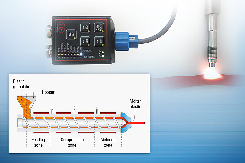 When extruding solid to viscous masses, the materials must not be allowed to heat up too much. This would lead to burning and therefore undesirable coloration. The precise colorSENSOR CFO sensors measure the color of the materials directly in the extruder. In the case of transparent materials such as gelatin, the measurement is carried out in transmission, while opaque materials such as plastic are measured using the reflection method. One or two special sensors CFS4-T150-P200 are installed directly in the extruder with either a transmission sensor CFS3-S-T250 or a reflection sensor CFS4-S-T250. The measurement takes place on the inside wall of the extruder, at up to 200 bar pressure and up to 250 °C. The results are then used for process control.
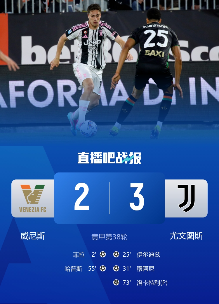 尤文末輪3-2擊敗威尼斯,拿下第4驚險晉級下賽季歐冠。
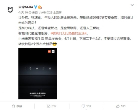 米家官微发文称:“订外卖、吃速食,年轻人的厨房正在消失。想拒绝被996的快节奏吞噬,如何设计未来的厨房?是核心科技,还是智能联动。是全面联网,还是人工智能。智能时代的魔法厨房,#敬我们无比热爱的生活#。小米米家智能生活新品发布会,6月11日,下周二下午2点,不要错过这场直播。”
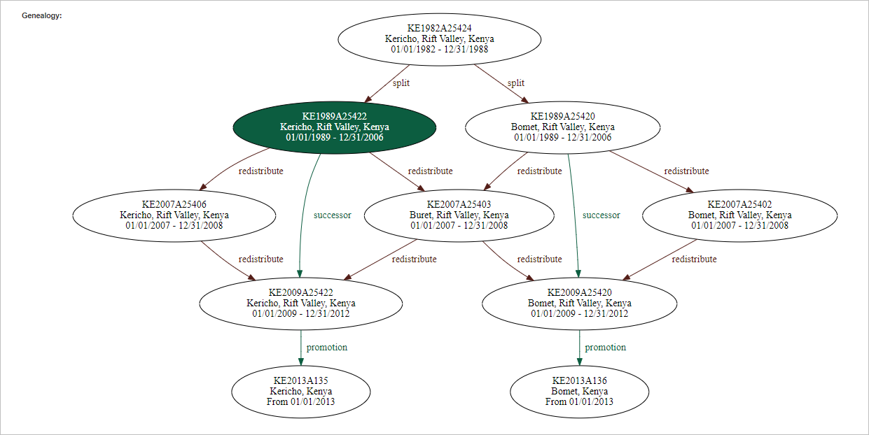 Geographic Units in FDW now contain genealogy charts depicting the relationships of geographic units to each other over time. The relationships chart appears on the Geographic Unit page between the Description and the Features map. Learn more about geographic unit relationships and genealogy charts.
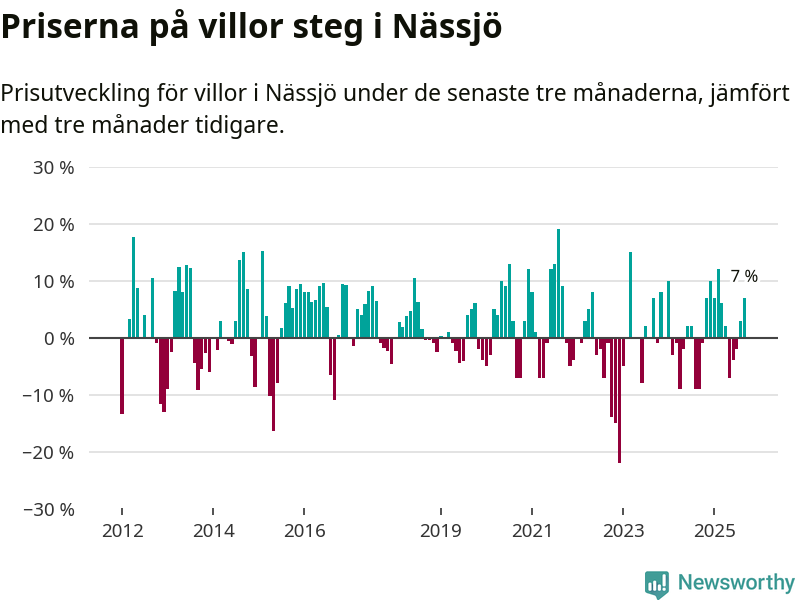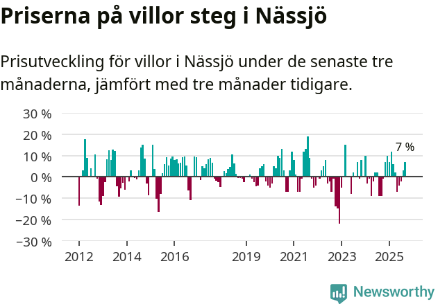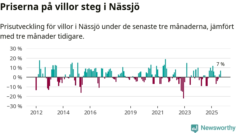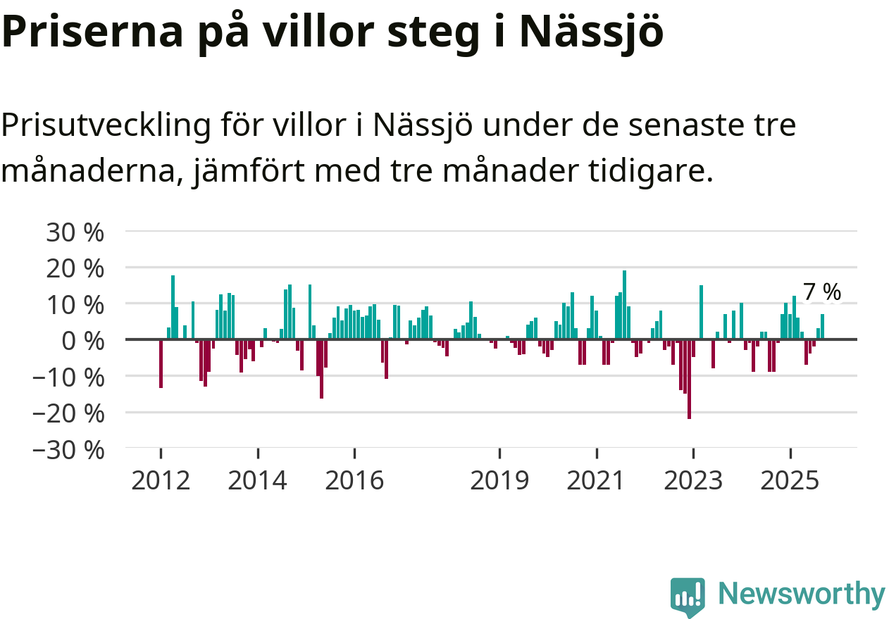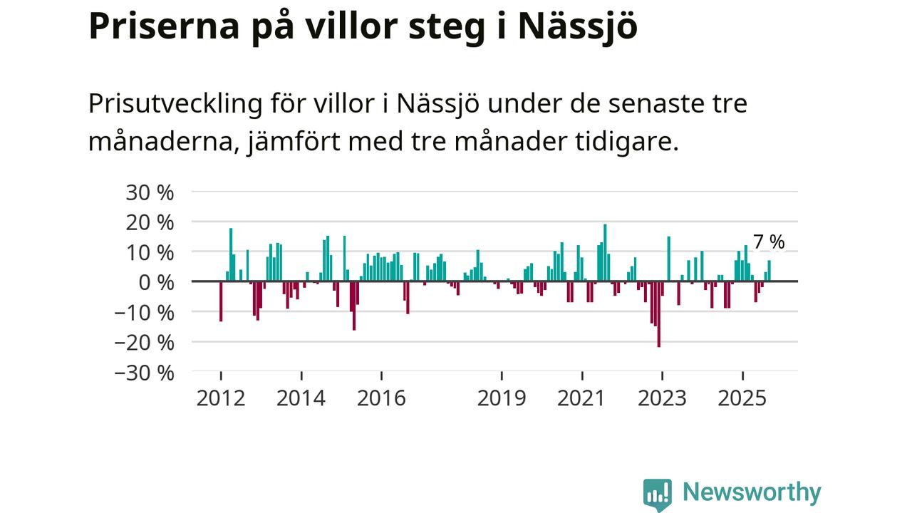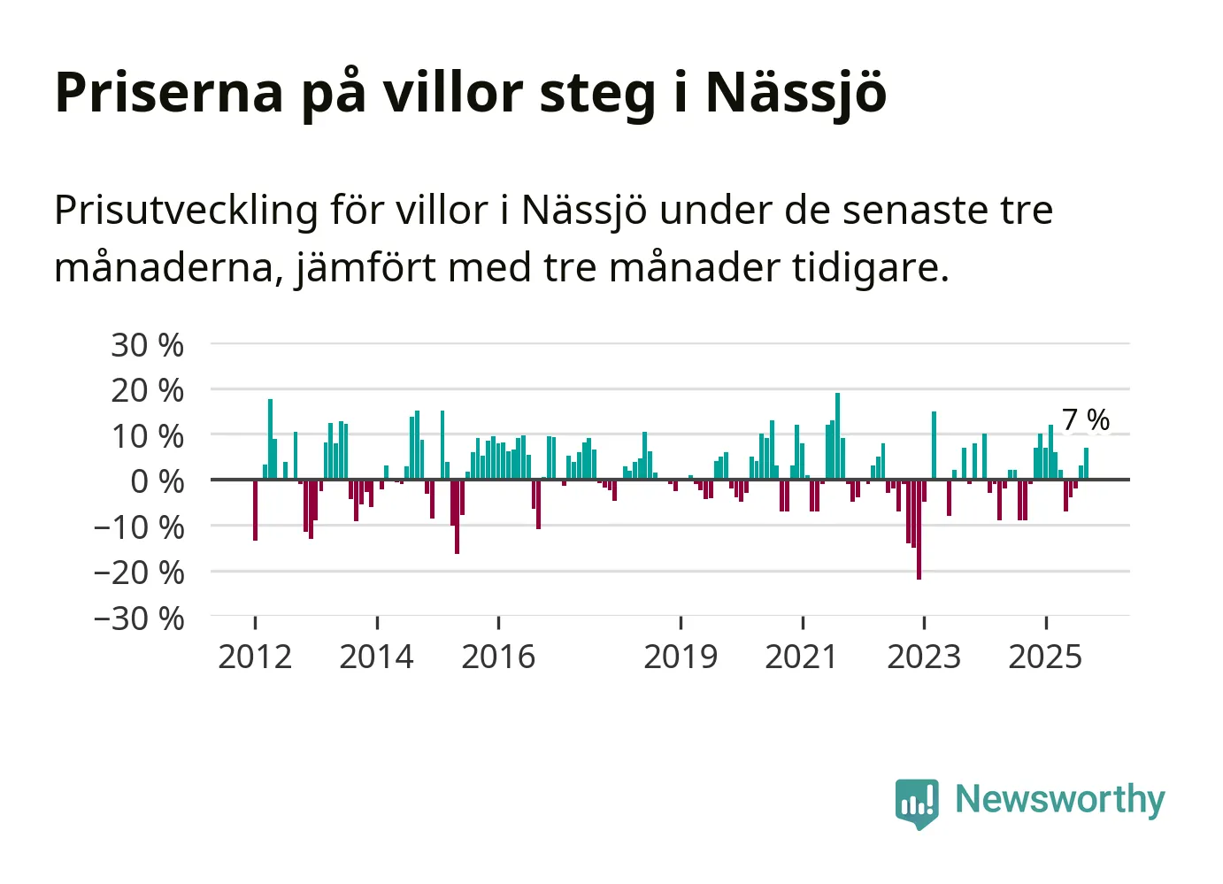 Villapriserna har gått upp i Nässjö kommun. Medelpriset på försäljningarna under de senaste tre månaderna visar på en uppgång med 7 procent.

+++

HOW TO COMPLETE THIS TASK: Please return the records above exactly as written, dropping every picture.

ANSWER TO THIS EXERCISE:
 When extruding solid to viscous masses, the materials must not be allowed to heat up too much. This would lead to burning and therefore undesirable coloration. The precise colorSENSOR CFO sensors measure the color of the materials directly in the extruder. In the case of transparent materials such as gelatin, the measurement is carried out in transmission, while opaque materials such as plastic are measured using the reflection method. One or two special sensors CFS4-T150-P200 are installed directly in the extruder with either a transmission sensor CFS3-S-T250 or a reflection sensor CFS4-S-T250. The measurement takes place on the inside wall of the extruder, at up to 200 bar pressure and up to 250 °C. The results are then used for process control.
 尤文末輪3-2擊敗威尼斯,拿下第4驚險晉級下賽季歐冠。
 米家官微发文称:“订外卖、吃速食,年轻人的厨房正在消失。想拒绝被996的快节奏吞噬,如何设计未来的厨房?是核心科技,还是智能联动。是全面联网,还是人工智能。智能时代的魔法厨房,#敬我们无比热爱的生活#。小米米家智能生活新品发布会,6月11日,下周二下午2点,不要错过这场直播。”
 Geographic Units in FDW now contain genealogy charts depicting the relationships of geographic units to each other over time. The relationships chart appears on the Geographic Unit page between the Description and the Features map. Learn more about geographic unit relationships and genealogy charts.
 Villapriserna har gått upp i Nässjö kommun. Medelpriset på försäljningarna under de senaste tre månaderna visar på en uppgång med 7 procent.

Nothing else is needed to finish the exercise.